**What this task involves:**
Return all of the following entries as written, but without the images.

**Supplied material:**

::::

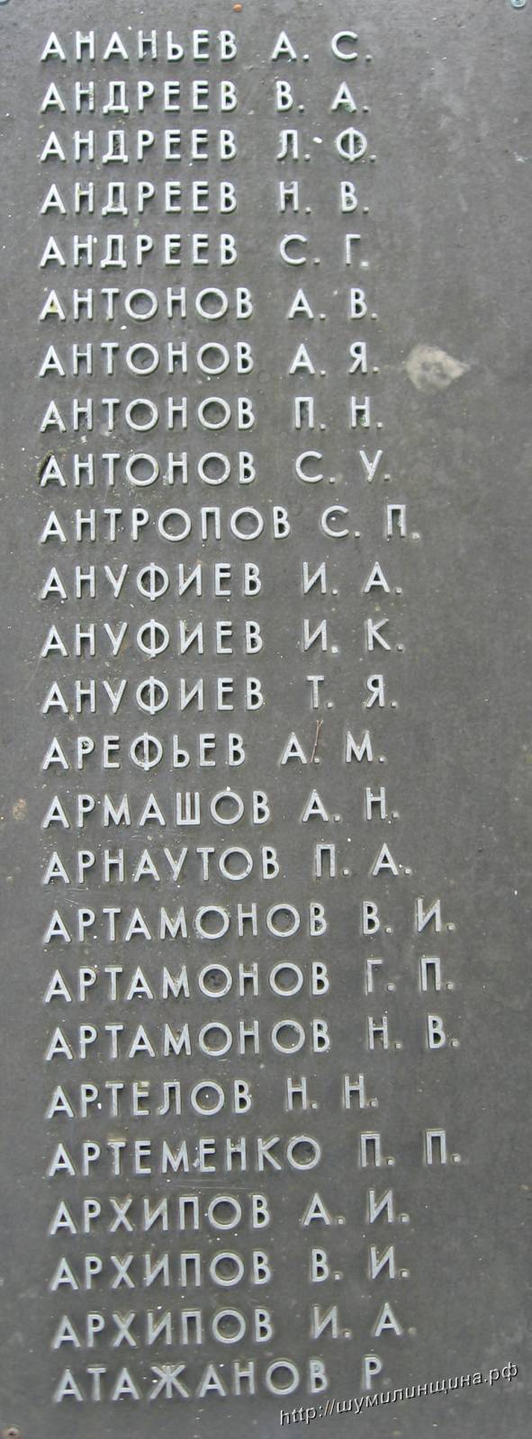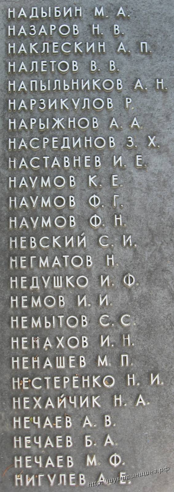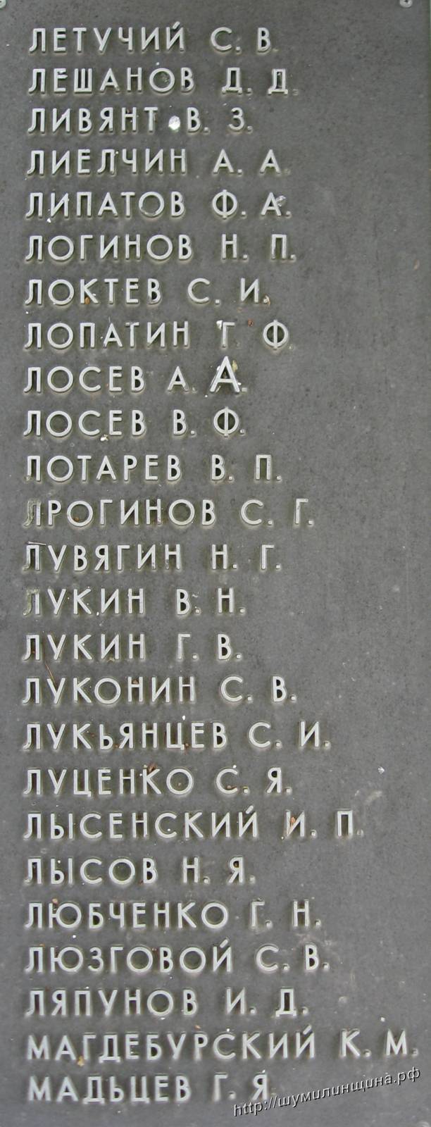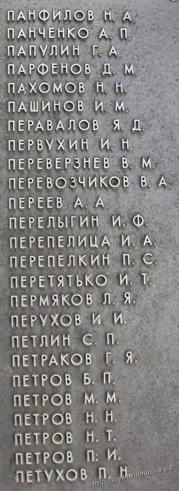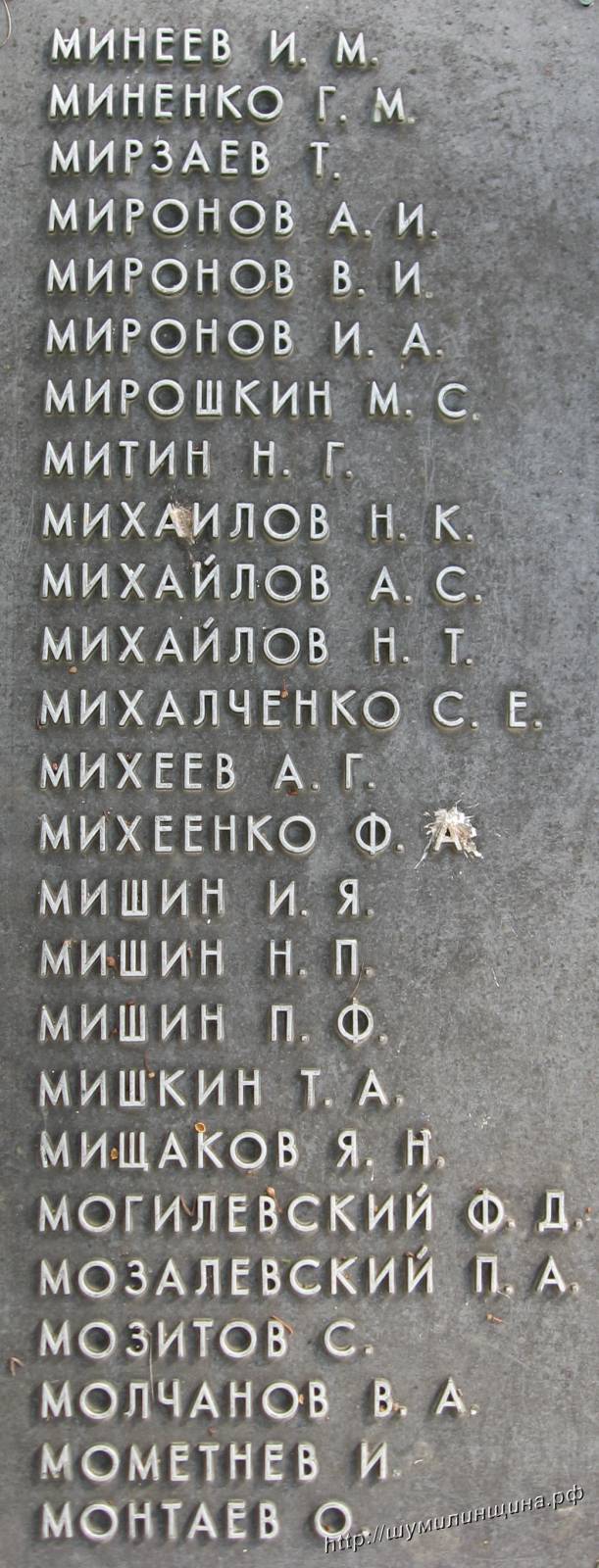 Из них Радостев А.К., Болдин А.П., Томилов А.Ф. увековечены на плитах и числятся перезахоронеными воле деревни Дворище Шумилинского района.
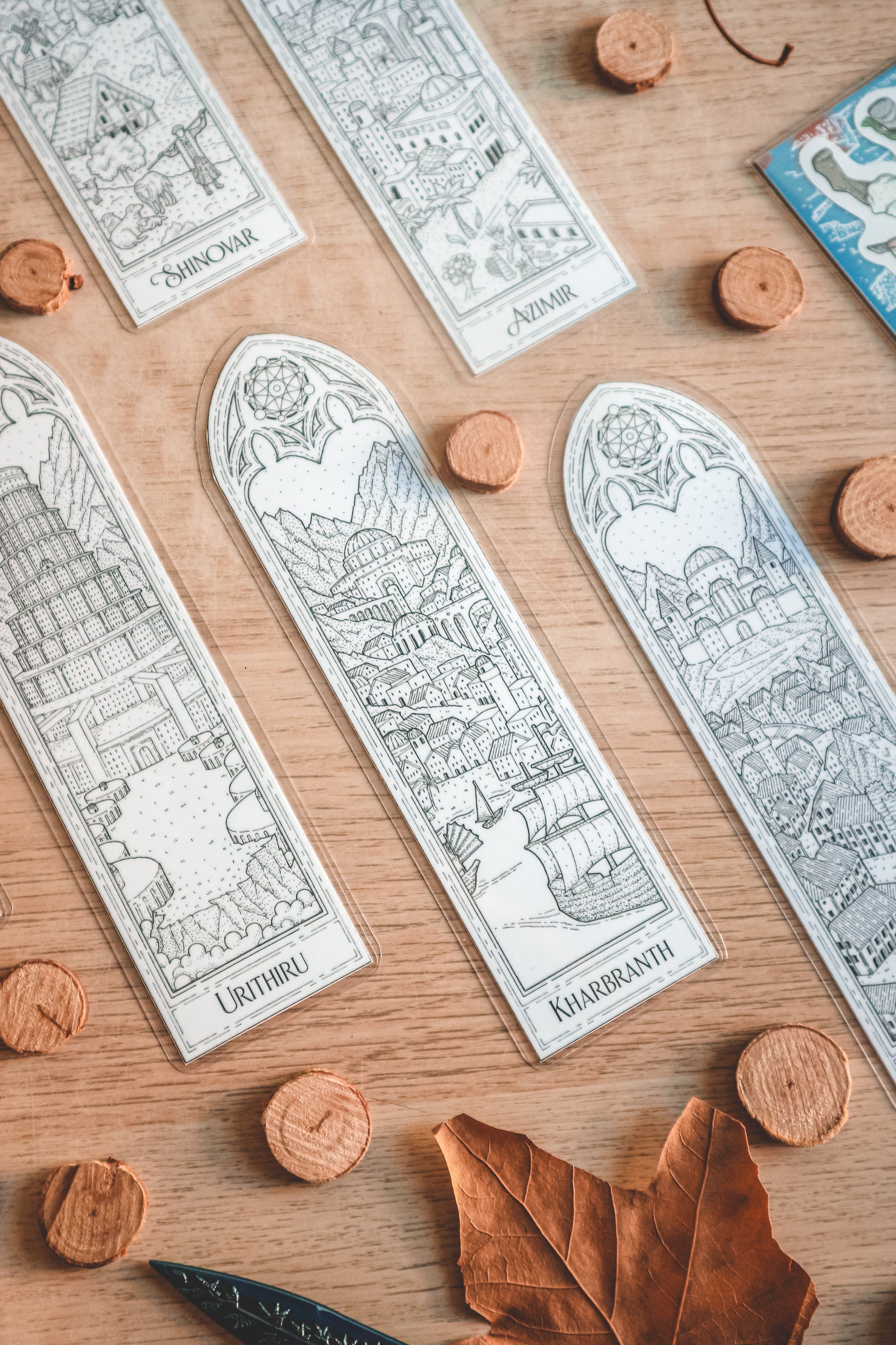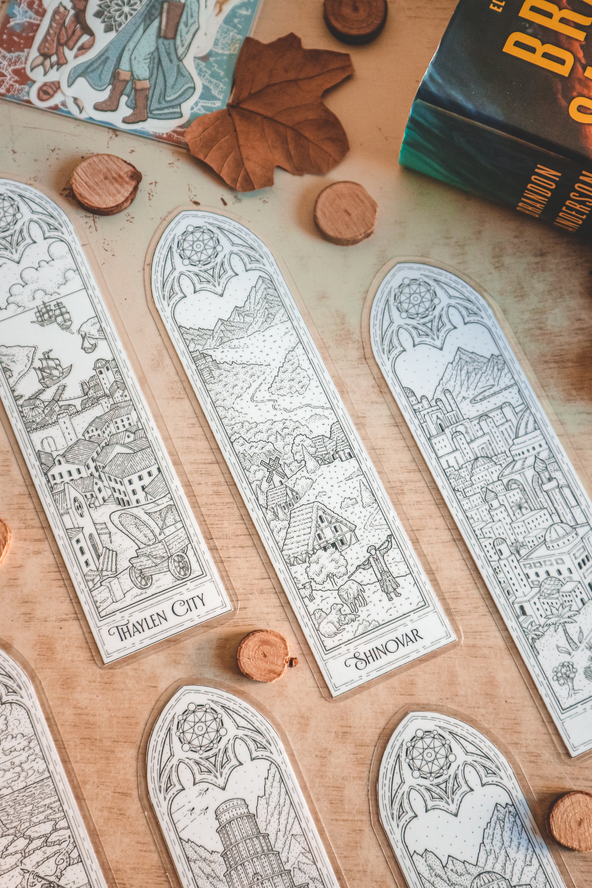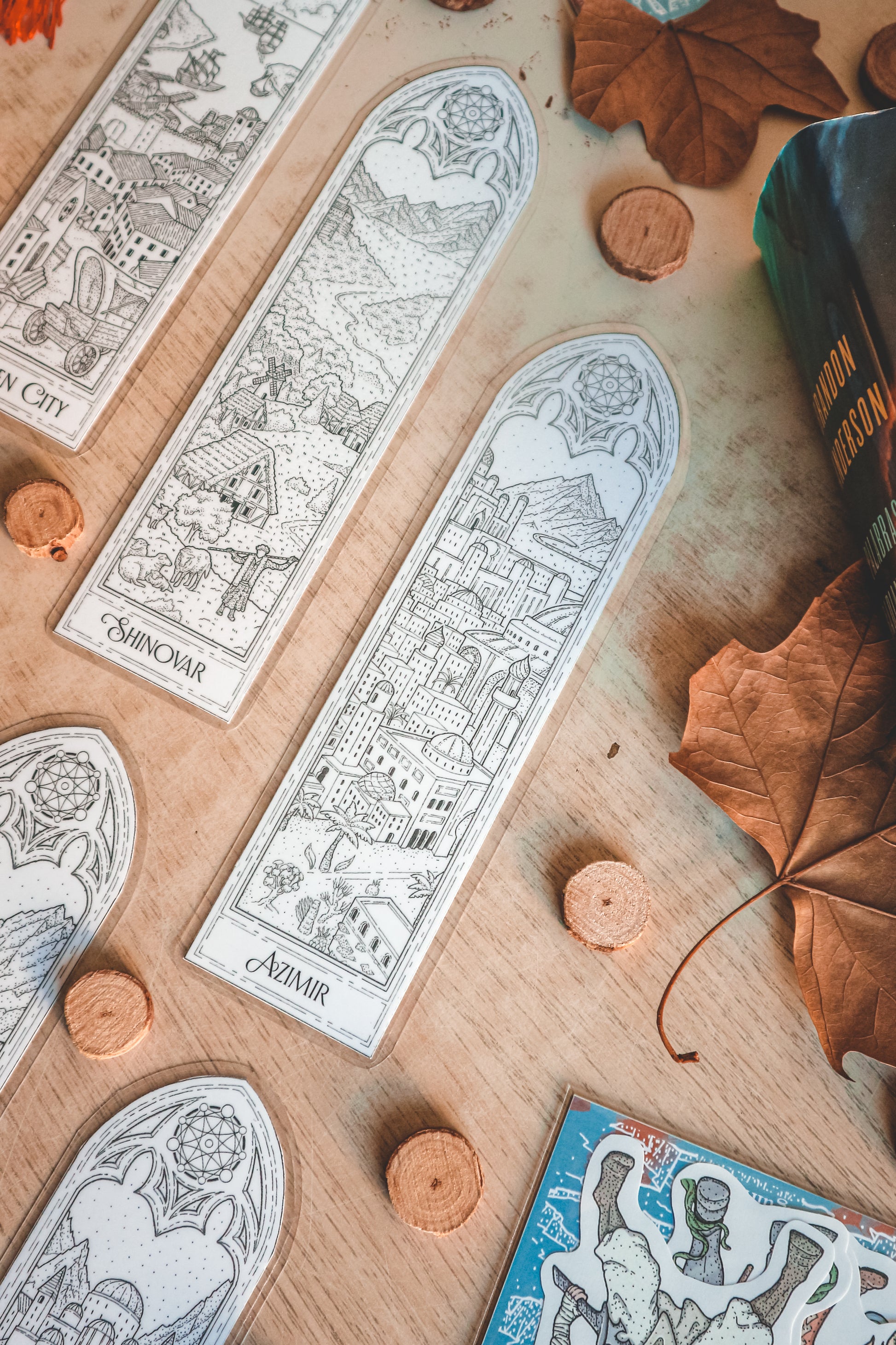 🎨 Puedes elegir entre las 7 opciones de marcapáginas: "Llanuras quebradas", "Urithiru", "Shinovar", "Kholinar", "Kharbranth", "Ciudad Thaylen" y "Azimir"
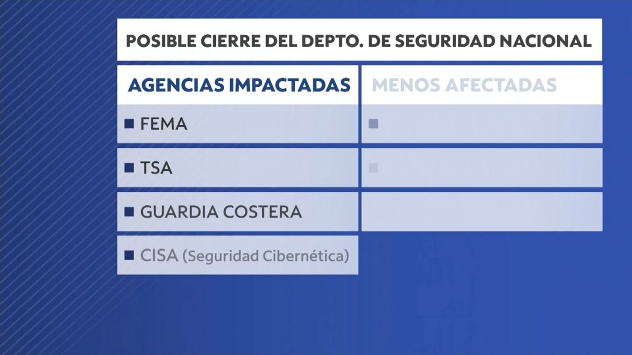 Las agencias más impactadas serían, FEMA, TSA, la Guardia Costera, y Cisa de Seguridad cibernética, y es poco probable que este cierre signifique algo para las operaciones de ICE y otras agencias de inmigración, ya que estas recibieron unos 75 mil millones de dólares el año pasado con la aprobación del proyecto de ley «Grande y Bello».
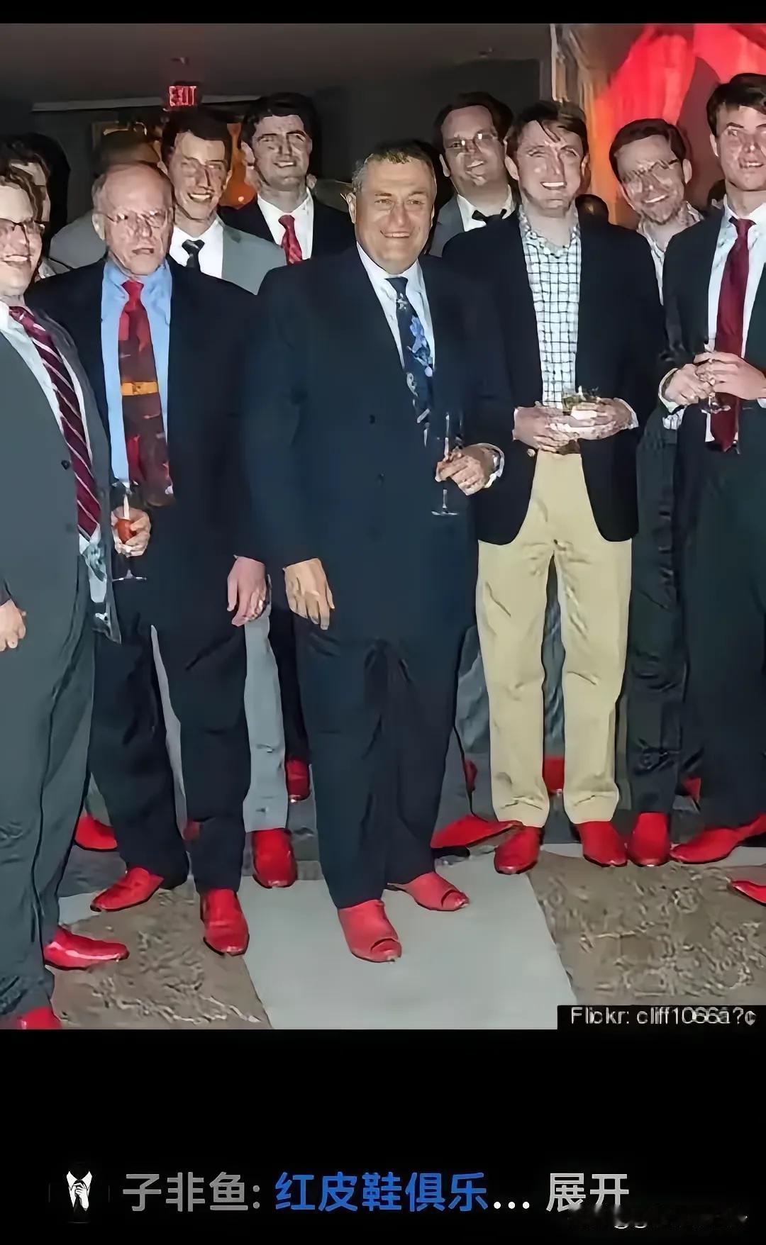 这一群老外是在参加什么聚会,怎么全部都穿着红色皮鞋。这些男嘉宾统一穿西装,打领带,脚上都踩着一双红色皮鞋,整个画面看起来带有一点点诡异的味道。 因此特意搜大红色皮鞋在西方的含义,没想到红色皮鞋在西方包含的意义挺多。 权力与禁忌, 16世纪欧洲贵族以红鞋彰显身份;教皇红鞋象征圣血与神职权威;安徒生《红舞鞋》中,红鞋是诱惑、虚荣与惩罚的符号,隐喻欲望的。
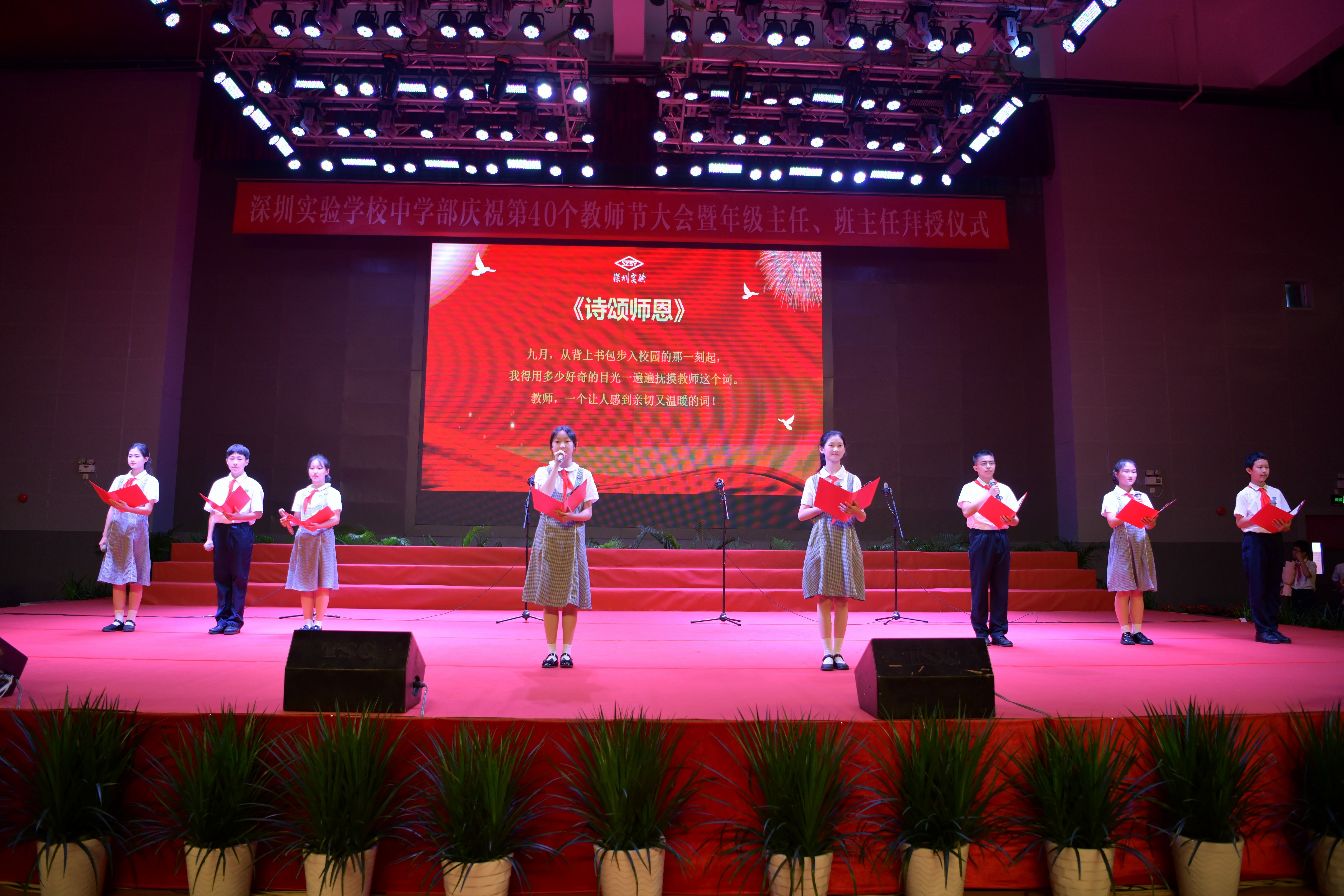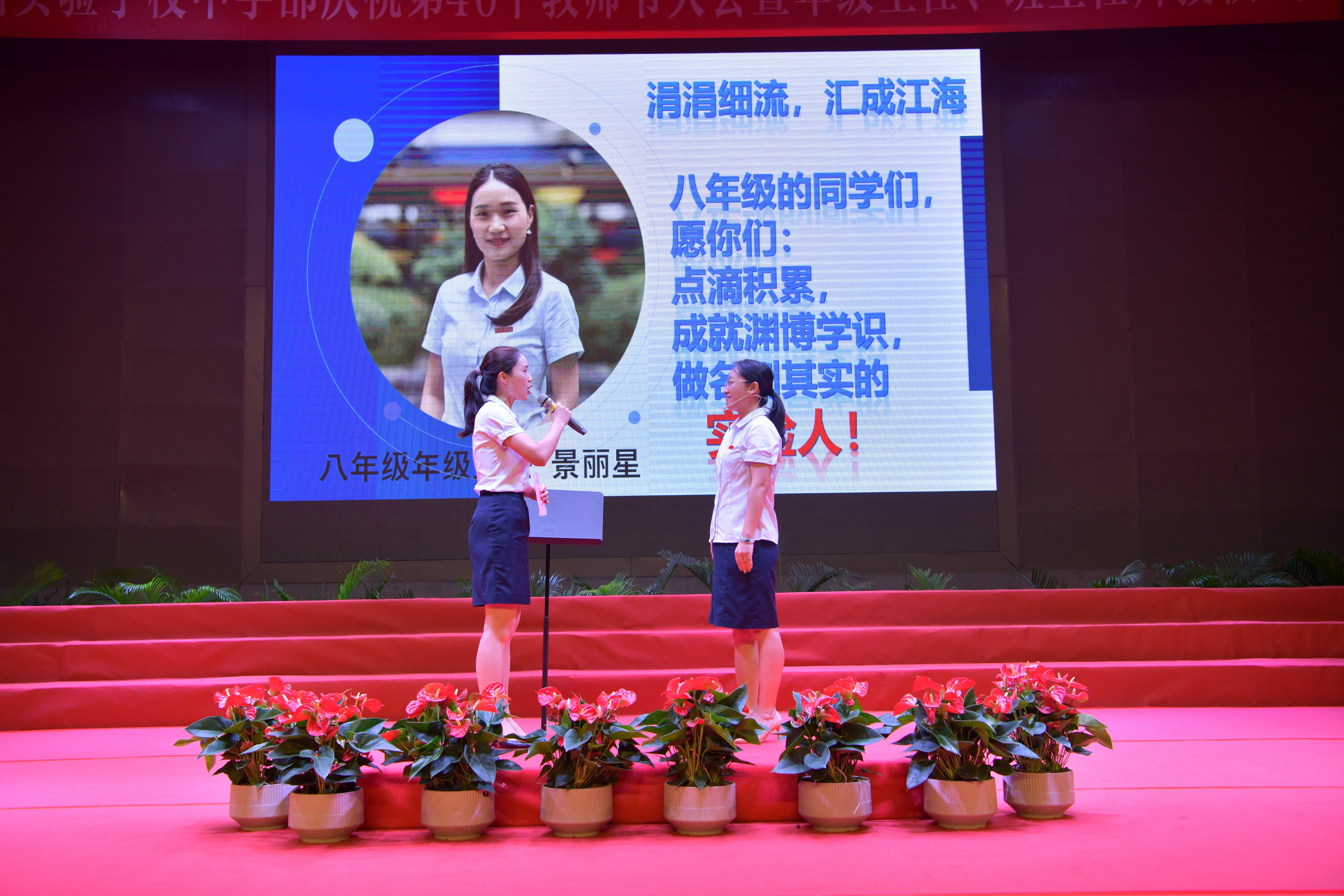 9月金秋,硕果累累,正值第40个教师节来临之际,中学部于9月10日上午8:00在文体馆隆重举行了庆祝第40个教师节大会暨年级主任、班主任拜授仪式。此次活动由学生处熊珊主任主持,全校师生共同参与,庆祝这一充满温情与敬意的节日。

::::

**Answer below:**
 Из них Радостев А.К., Болдин А.П., Томилов А.Ф. увековечены на плитах и числятся перезахоронеными воле деревни Дворище Шумилинского района.
 🎨 Puedes elegir entre las 7 opciones de marcapáginas: "Llanuras quebradas", "Urithiru", "Shinovar", "Kholinar", "Kharbranth", "Ciudad Thaylen" y "Azimir"
 Las agencias más impactadas serían, FEMA, TSA, la Guardia Costera, y Cisa de Seguridad cibernética, y es poco probable que este cierre signifique algo para las operaciones de ICE y otras agencias de inmigración, ya que estas recibieron unos 75 mil millones de dólares el año pasado con la aprobación del proyecto de ley «Grande y Bello».
 这一群老外是在参加什么聚会,怎么全部都穿着红色皮鞋。这些男嘉宾统一穿西装,打领带,脚上都踩着一双红色皮鞋,整个画面看起来带有一点点诡异的味道。 因此特意搜大红色皮鞋在西方的含义,没想到红色皮鞋在西方包含的意义挺多。 权力与禁忌, 16世纪欧洲贵族以红鞋彰显身份;教皇红鞋象征圣血与神职权威;安徒生《红舞鞋》中,红鞋是诱惑、虚荣与惩罚的符号,隐喻欲望的。
 9月金秋,硕果累累,正值第40个教师节来临之际,中学部于9月10日上午8:00在文体馆隆重举行了庆祝第40个教师节大会暨年级主任、班主任拜授仪式。此次活动由学生处熊珊主任主持,全校师生共同参与,庆祝这一充满温情与敬意的节日。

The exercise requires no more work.